Instructions for the task: Two lines in the listing below mark the span: one contains "dusk sarasota fl" and one contains "Sniper EFI universal". Reproduce both of them and everything between, exactly.

Provided records:
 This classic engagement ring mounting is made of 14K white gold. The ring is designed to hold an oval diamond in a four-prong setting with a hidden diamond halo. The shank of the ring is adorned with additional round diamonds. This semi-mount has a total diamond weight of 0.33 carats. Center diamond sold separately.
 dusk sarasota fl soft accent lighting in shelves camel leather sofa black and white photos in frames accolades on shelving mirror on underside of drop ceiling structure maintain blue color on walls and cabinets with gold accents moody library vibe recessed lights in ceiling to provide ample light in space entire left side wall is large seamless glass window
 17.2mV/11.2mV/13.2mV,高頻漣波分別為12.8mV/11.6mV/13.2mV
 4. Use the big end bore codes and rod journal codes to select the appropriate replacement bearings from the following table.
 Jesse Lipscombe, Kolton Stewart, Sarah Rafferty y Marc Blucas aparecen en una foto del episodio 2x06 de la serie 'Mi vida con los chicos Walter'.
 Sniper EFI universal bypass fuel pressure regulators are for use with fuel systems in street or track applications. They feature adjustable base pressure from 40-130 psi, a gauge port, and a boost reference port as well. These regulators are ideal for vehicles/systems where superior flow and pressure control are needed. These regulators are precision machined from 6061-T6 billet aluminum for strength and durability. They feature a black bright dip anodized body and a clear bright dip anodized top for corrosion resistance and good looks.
---
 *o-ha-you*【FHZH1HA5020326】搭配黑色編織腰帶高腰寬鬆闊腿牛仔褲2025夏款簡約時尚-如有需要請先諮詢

Completed exercise:
 dusk sarasota fl soft accent lighting in shelves camel leather sofa black and white photos in frames accolades on shelving mirror on underside of drop ceiling structure maintain blue color on walls and cabinets with gold accents moody library vibe recessed lights in ceiling to provide ample light in space entire left side wall is large seamless glass window
 17.2mV/11.2mV/13.2mV,高頻漣波分別為12.8mV/11.6mV/13.2mV
 4. Use the big end bore codes and rod journal codes to select the appropriate replacement bearings from the following table.
 Jesse Lipscombe, Kolton Stewart, Sarah Rafferty y Marc Blucas aparecen en una foto del episodio 2x06 de la serie 'Mi vida con los chicos Walter'.
 Sniper EFI universal bypass fuel pressure regulators are for use with fuel systems in street or track applications. They feature adjustable base pressure from 40-130 psi, a gauge port, and a boost reference port as well. These regulators are ideal for vehicles/systems where superior flow and pressure control are needed. These regulators are precision machined from 6061-T6 billet aluminum for strength and durability. They feature a black bright dip anodized body and a clear bright dip anodized top for corrosion resistance and good looks.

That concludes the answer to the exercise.